Pouf
Iroh l'enfant des cavernes
1933

Cela s'est passé, il y a vingt mille ans, trente mille ans peut-être, vers cette époque imprécise que nous ne connaissons que par quelques débris fossilisés. Depuis quelques jours, le soleil, terreur de l'être humain (car on avait toujours peur qu'il ne tombât sur la terre en ce temps-là), le soleil errait, rougeâtre et sans rayons, dans un ciel chargé de vapeurs rousses, qui venaient sans doute des innombrables volcans en furie.

It happened perhaps twenty or thirty thousand years ago, in that imprecise time that we only know by some fossilized remnants. For some days, the sun, terror of the human beings (because one was always afraid that it might fall to earth at that time), wandered, reddish and without rays, in a sky filled with red steam, which probably came from the fury of innumerable volcanoes.

Ahi, l'intrépide chasseur, et sa douce compagne Orah, menaient la vie terrible et monotone de tous les hommes de l'âge de pierre. Ils habitaient dans une grotte naturelle, sorte de tanière située sur un monticule et parfaitement abritée du vent: ils étaient heureux. Orah excellait dans l'art de faire sécher le gibier dans le salpêtre et le sable fin pour les jours d'hiver et de pluie; elle savait en outre polir avec patience les haches de silex.

Ahi, the intrepid hunter, and his mild companion Orah, led the terrifying and monotonous life of all stone-age men. They lived in a natural underground cave, a kind of lair situated on a mound and sheltered perfectly from the wind: they were happy. Orah excelled in the art of drying game in saltpeter and fine sand for the days of winter and rain; and furthermore she was skilled at patiently polishing flint axes.

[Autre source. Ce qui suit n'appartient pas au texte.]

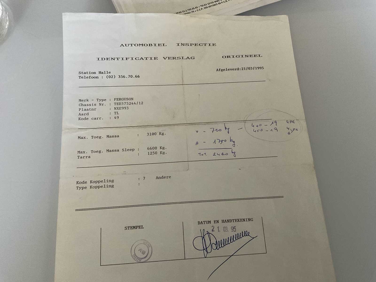 Traktor start en rijdt No Merk: Massey Ferguson Type: TE20 Bouwjaar: 1954 Eigen gewicht: 1250kg Chassisnummer: TED375244 Datum eerste toelating: 17/03/1954

Or, ce matin-là, comme ils étaient à la chasse, Ahi découvrit trois oursons et se mit en devoir de les assommer à coups de massue. Mais, tandis qu'il en restait encore un de vivant, Orah intervint: « C'est mal, Ahi, de tuer des petits qui ont une mère, féroce c'est possible, mais qui pleurera à son retour... Songe que nous avons notre fils Iroh, et le désespoir que nous éprouverions si nous le trouvions égorgé! » Ahi se laissa convaincre, parce qu'il considérait que l'ourson épargné serait un joli jouet pour son fils chéri. Car, Iroh, chétif et de nature exceptionnellement douce, ne les accompagnait pas à la chasse... A quelque temps de là, Iroh est seul, comme de coutume, dans la caverne paternelle. Il somnole dans les peaux des bêtes tuées la veille. Des quartiers de viande sèchent au soleil, au dernier soleil qui précède les grandes pluies d'automne. Son père et sa mère s'activent à la chasse dans la forêt et dans la plaine... Il est temps de compléter les provisions pour les mauvais jours tout proches.

However, that morning, as they were hunting, Ahi discovered three bear cubs and went in to stun them with his club. But while one was still alive, Orah intervened: "It is no good, Ahi, to kill these children that have a mother, ferocious no doubt, but one who will cry at her return... Imagine our son Iroh, and the despair we would feel if we found him slaughtered!" Ahi let her convince him, because he thought that the spared cub would be a pretty pet for his beloved son. Because, Iroh, of mild and of unusually soft nature, didn't accompany them on the hunt... At those times, Iroh was alone, as usual, in the family cave. He dozed on the skins of beasts killed before. Quarters of meat dried in the sun, the last sun that preceded the heavy rains of fall. His father and mother hurried their hunt in the forest and the plain... It was time to complete their stores for the bad days coming soon.